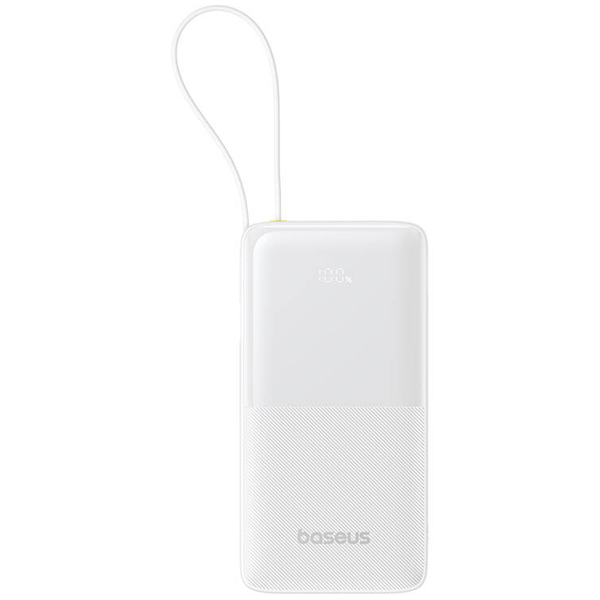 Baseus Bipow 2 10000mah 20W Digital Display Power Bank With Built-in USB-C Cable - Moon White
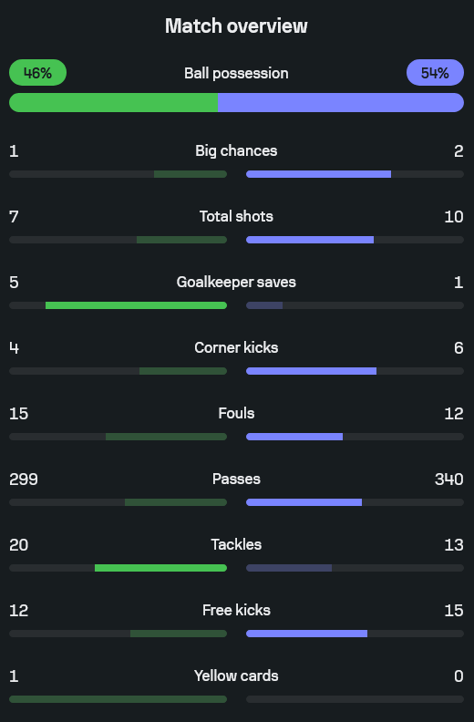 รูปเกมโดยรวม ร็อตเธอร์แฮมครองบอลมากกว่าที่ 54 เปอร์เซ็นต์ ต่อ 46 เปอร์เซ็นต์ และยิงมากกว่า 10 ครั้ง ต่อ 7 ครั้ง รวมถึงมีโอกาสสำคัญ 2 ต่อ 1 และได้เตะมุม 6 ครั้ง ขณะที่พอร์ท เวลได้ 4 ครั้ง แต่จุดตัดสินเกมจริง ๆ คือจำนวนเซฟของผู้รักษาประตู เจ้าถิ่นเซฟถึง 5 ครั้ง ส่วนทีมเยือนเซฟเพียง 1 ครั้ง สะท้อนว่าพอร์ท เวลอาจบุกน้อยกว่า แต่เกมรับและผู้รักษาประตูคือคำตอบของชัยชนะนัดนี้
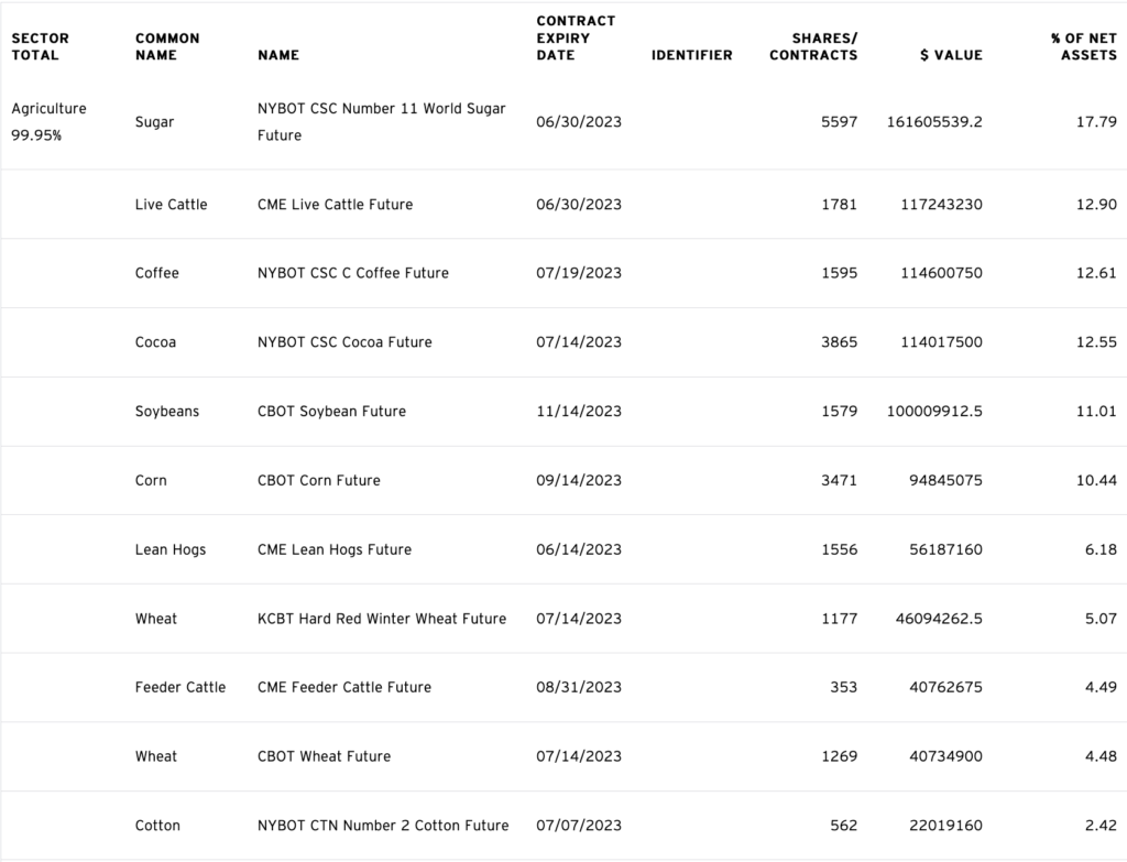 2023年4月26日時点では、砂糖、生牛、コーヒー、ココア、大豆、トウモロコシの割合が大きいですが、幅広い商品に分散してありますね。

* [Exercise prompt]: The whole listing above must be set down again exactly, but without its images.

* [Result below]:
 Baseus Bipow 2 10000mah 20W Digital Display Power Bank With Built-in USB-C Cable - Moon White
 รูปเกมโดยรวม ร็อตเธอร์แฮมครองบอลมากกว่าที่ 54 เปอร์เซ็นต์ ต่อ 46 เปอร์เซ็นต์ และยิงมากกว่า 10 ครั้ง ต่อ 7 ครั้ง รวมถึงมีโอกาสสำคัญ 2 ต่อ 1 และได้เตะมุม 6 ครั้ง ขณะที่พอร์ท เวลได้ 4 ครั้ง แต่จุดตัดสินเกมจริง ๆ คือจำนวนเซฟของผู้รักษาประตู เจ้าถิ่นเซฟถึง 5 ครั้ง ส่วนทีมเยือนเซฟเพียง 1 ครั้ง สะท้อนว่าพอร์ท เวลอาจบุกน้อยกว่า แต่เกมรับและผู้รักษาประตูคือคำตอบของชัยชนะนัดนี้
 2023年4月26日時点では、砂糖、生牛、コーヒー、ココア、大豆、トウモロコシの割合が大きいですが、幅広い商品に分散してありますね。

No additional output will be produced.